--- Records shown Enclosed Below ---

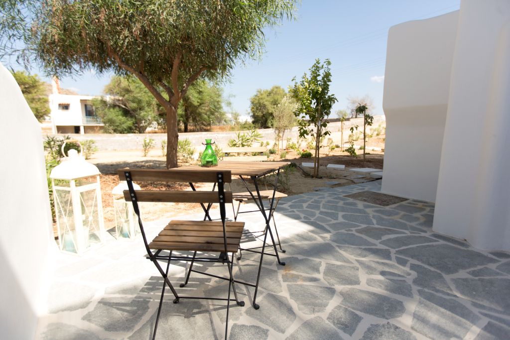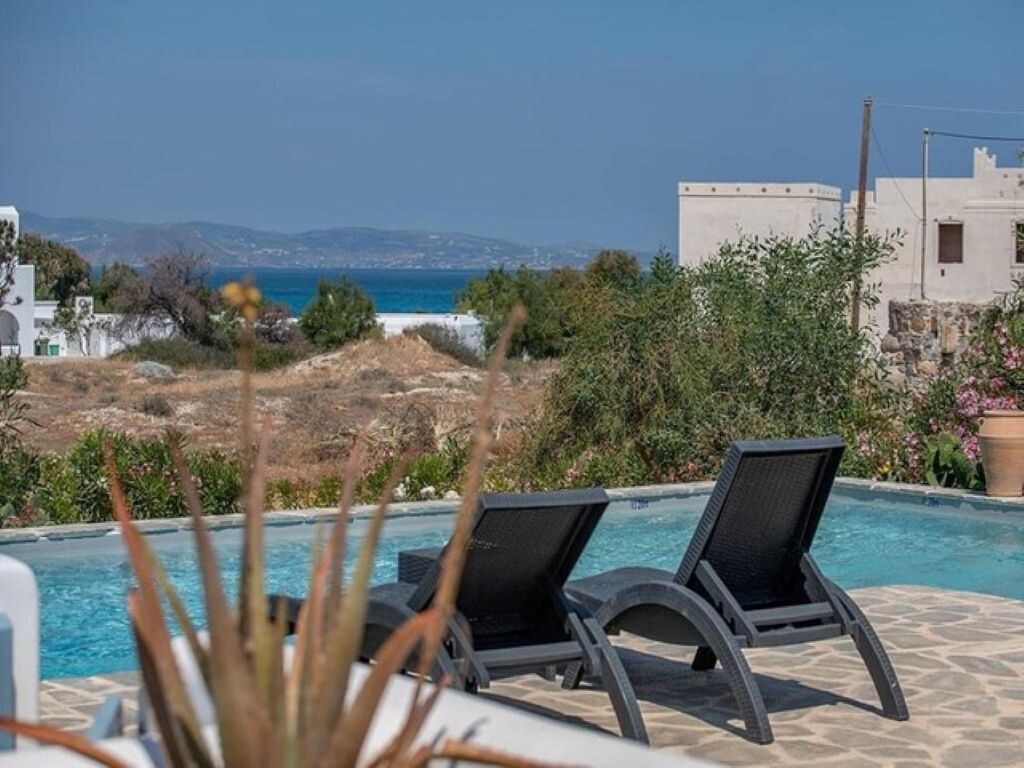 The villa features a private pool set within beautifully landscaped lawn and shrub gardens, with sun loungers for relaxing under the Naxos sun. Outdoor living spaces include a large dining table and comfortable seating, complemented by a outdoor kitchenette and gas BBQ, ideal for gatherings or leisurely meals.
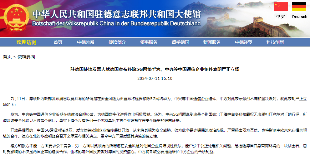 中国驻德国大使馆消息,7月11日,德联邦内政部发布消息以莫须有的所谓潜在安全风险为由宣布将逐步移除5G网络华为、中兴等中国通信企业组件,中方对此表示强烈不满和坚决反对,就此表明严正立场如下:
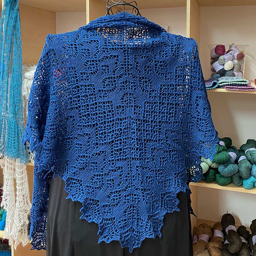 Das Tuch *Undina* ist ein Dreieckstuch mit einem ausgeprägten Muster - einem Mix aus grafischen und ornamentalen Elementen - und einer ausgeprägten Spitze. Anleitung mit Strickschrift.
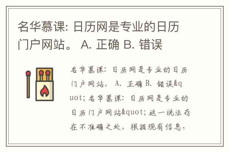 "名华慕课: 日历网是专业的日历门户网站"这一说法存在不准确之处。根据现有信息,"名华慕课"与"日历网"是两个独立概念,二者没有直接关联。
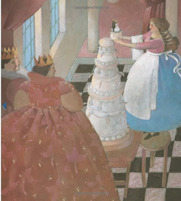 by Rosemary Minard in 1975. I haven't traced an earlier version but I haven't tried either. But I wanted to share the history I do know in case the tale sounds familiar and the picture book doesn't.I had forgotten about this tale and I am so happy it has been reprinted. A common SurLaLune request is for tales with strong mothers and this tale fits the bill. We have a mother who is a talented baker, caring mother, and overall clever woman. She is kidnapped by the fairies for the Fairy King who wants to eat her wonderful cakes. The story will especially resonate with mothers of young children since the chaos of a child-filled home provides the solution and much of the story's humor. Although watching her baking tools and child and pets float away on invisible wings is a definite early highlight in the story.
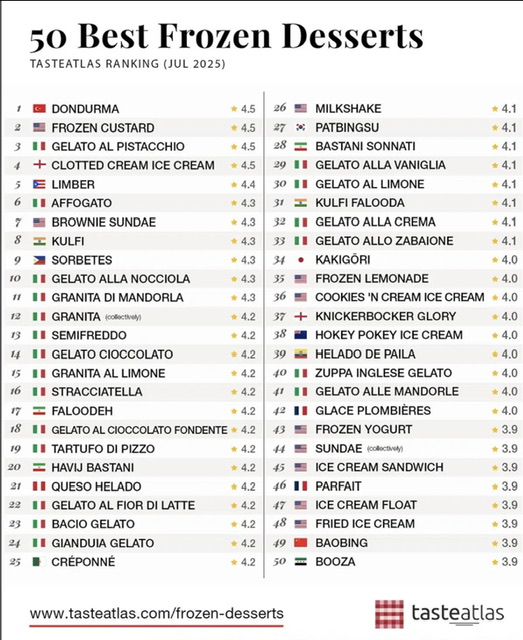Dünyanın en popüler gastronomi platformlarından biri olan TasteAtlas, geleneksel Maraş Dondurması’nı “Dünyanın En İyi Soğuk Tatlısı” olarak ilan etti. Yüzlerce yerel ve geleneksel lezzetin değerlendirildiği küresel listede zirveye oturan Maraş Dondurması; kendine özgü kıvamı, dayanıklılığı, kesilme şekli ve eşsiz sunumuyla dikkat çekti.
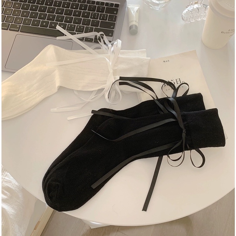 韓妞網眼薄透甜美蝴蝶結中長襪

--- End of Enclosed Records shown ---

[Activity]:
The expected output is every line of the data, unchanged, with the pictures skipped.

[Solution to the exercise]:
 The villa features a private pool set within beautifully landscaped lawn and shrub gardens, with sun loungers for relaxing under the Naxos sun. Outdoor living spaces include a large dining table and comfortable seating, complemented by a outdoor kitchenette and gas BBQ, ideal for gatherings or leisurely meals.
 中国驻德国大使馆消息,7月11日,德联邦内政部发布消息以莫须有的所谓潜在安全风险为由宣布将逐步移除5G网络华为、中兴等中国通信企业组件,中方对此表示强烈不满和坚决反对,就此表明严正立场如下:
 Das Tuch *Undina* ist ein Dreieckstuch mit einem ausgeprägten Muster - einem Mix aus grafischen und ornamentalen Elementen - und einer ausgeprägten Spitze. Anleitung mit Strickschrift.
 "名华慕课: 日历网是专业的日历门户网站"这一说法存在不准确之处。根据现有信息,"名华慕课"与"日历网"是两个独立概念,二者没有直接关联。
 by Rosemary Minard in 1975. I haven't traced an earlier version but I haven't tried either. But I wanted to share the history I do know in case the tale sounds familiar and the picture book doesn't.I had forgotten about this tale and I am so happy it has been reprinted. A common SurLaLune request is for tales with strong mothers and this tale fits the bill. We have a mother who is a talented baker, caring mother, and overall clever woman. She is kidnapped by the fairies for the Fairy King who wants to eat her wonderful cakes. The story will especially resonate with mothers of young children since the chaos of a child-filled home provides the solution and much of the story's humor. Although watching her baking tools and child and pets float away on invisible wings is a definite early highlight in the story.
Dünyanın en popüler gastronomi platformlarından biri olan TasteAtlas, geleneksel Maraş Dondurması’nı “Dünyanın En İyi Soğuk Tatlısı” olarak ilan etti. Yüzlerce yerel ve geleneksel lezzetin değerlendirildiği küresel listede zirveye oturan Maraş Dondurması; kendine özgü kıvamı, dayanıklılığı, kesilme şekli ve eşsiz sunumuyla dikkat çekti.
 韓妞網眼薄透甜美蝴蝶結中長襪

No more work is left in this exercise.